Lega Pro, una commedia!

“Il sistema delle …pratiche”, l’articolo pubblicato sui “graffi” nel corso della settimana, ha lasciato il segno. Alcuni si sono “rizzelati”. Altri (sono stati di più) hanno approvato. Un mare di telefonate. Di addetti e di genitori. A conferma del buon contenuto di quel pezzo.

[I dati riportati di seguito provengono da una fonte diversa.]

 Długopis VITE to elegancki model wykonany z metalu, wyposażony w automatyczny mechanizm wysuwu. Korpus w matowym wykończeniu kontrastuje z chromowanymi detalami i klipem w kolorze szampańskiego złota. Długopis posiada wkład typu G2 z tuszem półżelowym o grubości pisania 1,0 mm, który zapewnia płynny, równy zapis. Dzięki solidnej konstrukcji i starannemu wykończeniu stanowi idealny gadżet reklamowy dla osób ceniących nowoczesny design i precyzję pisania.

Angelo Fabiani, un fiume in piena, mi avrebbe quasi minacciato. Curci, il presidente del Rieti, ha trasmesso copia dell’articolo al suo legale. Anche lui sembrava interessato all’azione legale.
Peccato che entrambi non abbiano inizialmente compreso, ovvero non abbiano voluto comprendere che noi, invece, abbiamo di proposito “affondato” il dito in una piaga. Nel malessere dilagante (pratiche e zainetti) che ha invaso il sistema del calcio nazionale. Almeno a certi livelli ed in determinate categorie.

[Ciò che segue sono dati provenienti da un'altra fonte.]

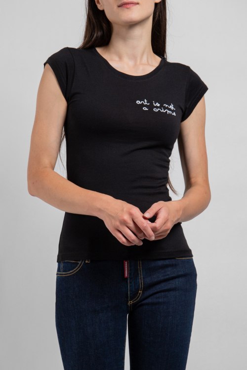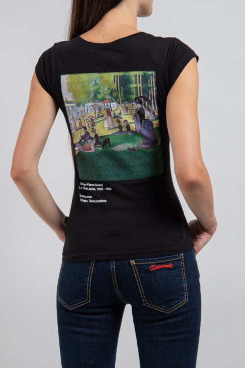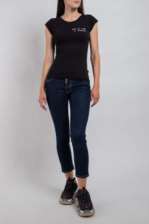 Женская черная футболка из хлопка от Ko Samui (Ко Самуи). Классическая длина. круглый вырез горловины, короткие рукава, двухсторонний принт.

Male per loro se Fabiani e/o Pierluigi Disanto, e altri ancora, si siano voluti identificare, in negativo, nei fatti che abbiamo evidenziato. Sono stati citati, prendendo a campione la situazione del Rieti, in quanto in qualche modo attori in quella situazione niente affatto rassicurante. Nel contenuto nessuno li ha accusati di nulla. Se qualcuno ha la coda di paglia se la bruci.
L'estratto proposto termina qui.